SecureBoot is a feature on pretty much all modern laptops that prevents the booting of an operating system unless that operating system’s boot loader has an “acceptable digital signature” (i.e: verified by Microsoft). It’s designed to prevent malware fucking with a boot loader and making itself persistent on a machine even if you re-install the OS. Some nerds turn it off because it gets in the way of installing different operating systems on their computer, but I like to make sure it’s enabled as for most people SecureBoot is useful layer of protection from dodgy malware and it also means BitLocker (Windows native full disk encryption) works seamlessly. This is a good video explaining what the go is with SecureBoot:

Unfortunately many PXE bootloaders haven’t gone through the signing process with Microsoft, so they don’t work on when trying to PXE boot a computer with SecureBoot enabled. iPXE, the core of stuff like the FOG Project and netboot.xyz for example isn’t SecureBoot compatible. US$500 every three years is a bit much for most open source projects. During my research I read some stuff about using Ubuntu/CentOS bootloaders instead (which are SecureBoot signed) and then launching the Windows installer from there but I lost the forum thread and didn’t pay much attention because those yaks looked way too big to shave for little old me.

The only two options I could find for PXE booting that are SecureBoot compatible are Microsoft’s Windows Deployment Services (WDS) and Serva Pro.

Most people doing this in a business scenario would just use WDS as they probably already have a computer running Windows Server somewhere on their premises. I could have downloaded the 180-day trial of Windows Server 2019 but I wanted a solution I could use sporadically (maybe only a few times a year) without having to set it up from scratch every time. Because the Windows Server licence is only a trial, I’d have to set it up again every time the trial expires – or pay for a licence for $609.

Yeah, nah.

That leaves ServaPro, an app that runs on basically any version of Windows and acts as a full stack solution for PXE booting basically anything you can think of. It hasn’t been updated since 2018 and costs A$114, but I took the plunge anyways. The good news is that Serva Pro is fantastic and well worth the $114!
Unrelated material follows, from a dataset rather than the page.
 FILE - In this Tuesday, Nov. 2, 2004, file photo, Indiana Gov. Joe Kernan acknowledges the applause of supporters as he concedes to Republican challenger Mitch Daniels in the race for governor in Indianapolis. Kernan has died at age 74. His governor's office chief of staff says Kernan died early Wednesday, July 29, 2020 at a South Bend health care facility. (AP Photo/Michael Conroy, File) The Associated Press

Cracked and filthy X230 I got for free on top of a 100mbit Netgear switch I’ve owned for almost 20 years and should really replace

I installed it on an old laptop running Windows 7 I had lying around (see my Brother scanner antics for why I still have a Win7 machine at home), following a mix of the official documentation and this random dude’s blog post – thank you random dude! Here’s some screenshots of my config:

The only gotcha here is to set the BINL BM-Mode (whatever the fuck that is) to 3, as that makes Serva push out the SecureBoot enabled bootloader instead of the default one. I didn’t use proxyDHCP because I these were going on their own totally separate network to my home network.
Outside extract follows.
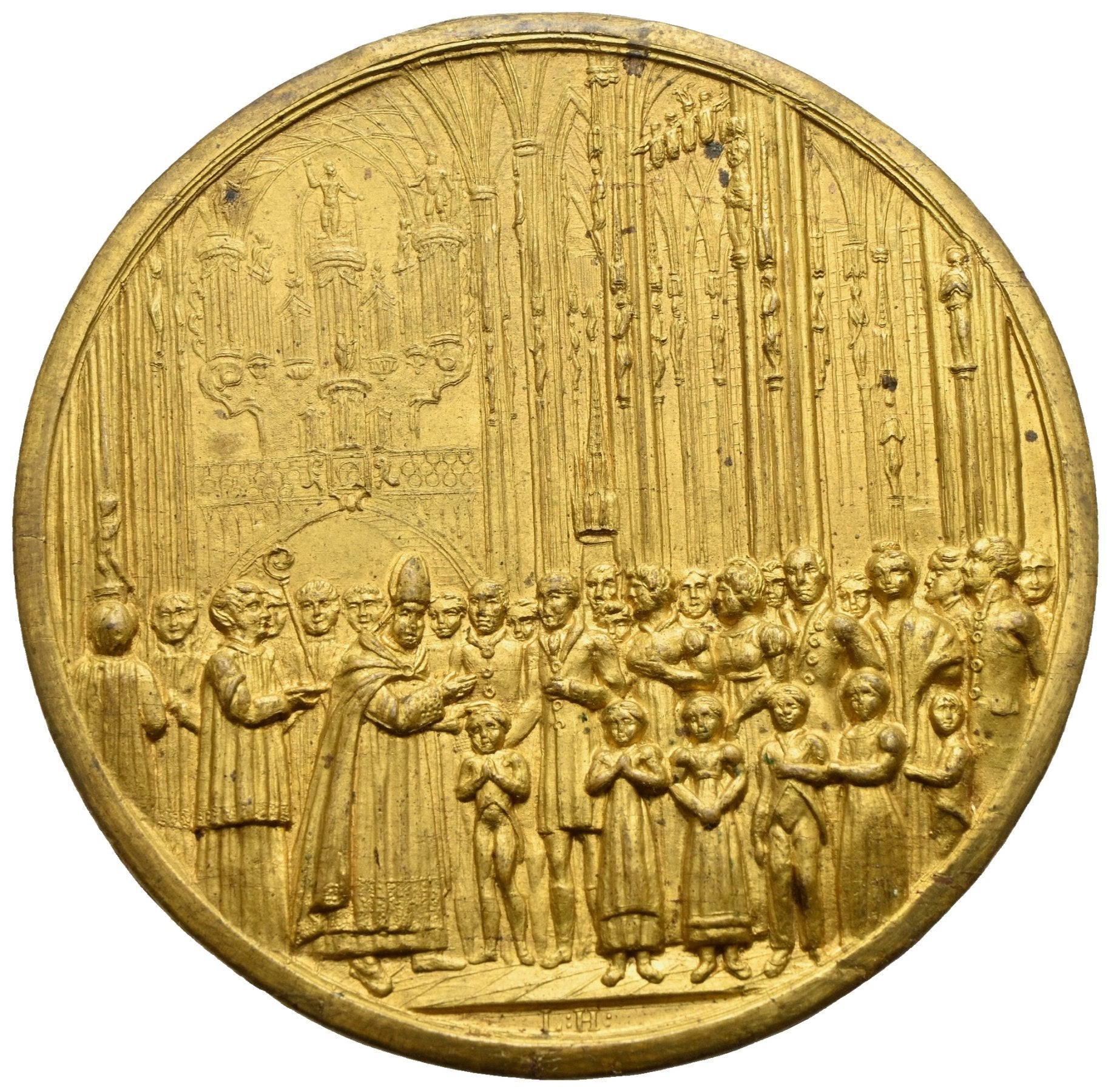 Darstellung der Firmung in einer großen Kirche, bei der die Firmpaten mit ihren Firmlingen zur Weihe aufgestellt sind, signiert unten L:H:.

Everything worked perfectly except for one catch – this prompt for a username and password so Serva’s Windows PE thingy that kicks off the Windows install process knows which shared folder to suck the files down from. It’s easy to type the username and password, but I wanted to plug the laptop in, turn it on, tell it to PXE boot, walk away and return with a completed Windows install.
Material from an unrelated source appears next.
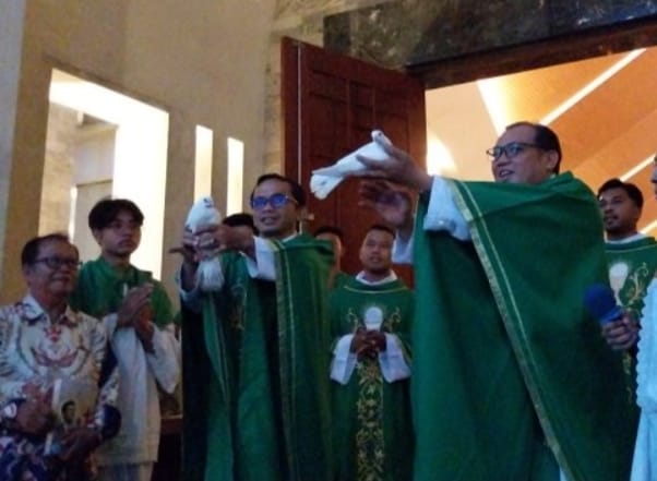 RD Hyginus Gono Pratowo dan RD Dionesius Anton Liberto saat melepaskan burung merpati lambang penyertaan Roh Kudus pada HUT ke-59 Paroki Santo Yoseph Palembang

The prompt for authentication details that was slowing me down

Luckily all you have to do is create a file called Unattend.ini in the WIA_WDS directory that contains the share’s username and password even if you make the share totally anonymous, it will still come up with a prompt you’ll need to press Enter on to continue – so using the ini file is the only way for a proper unattended install. The ini file syntax is located in ServaReadme.txt.

Read that readme file!

I ended up spending almost $200 on software to do this when if it wasn’t for SecureBoot, I could have used a simple Linux solution but hey, it was worth it to get the job done right. Technically I can image hundreds of laptops at once, but I came up against a physical limit of 6 laptops at once as that’s all I could fit on a table. Next time I’ll get a bigger table and use both sides of the table with all the cables and shit running down the middle and try do 16 or more simultaneously.

Disregard the ironing board in the background, this is my spare room alright?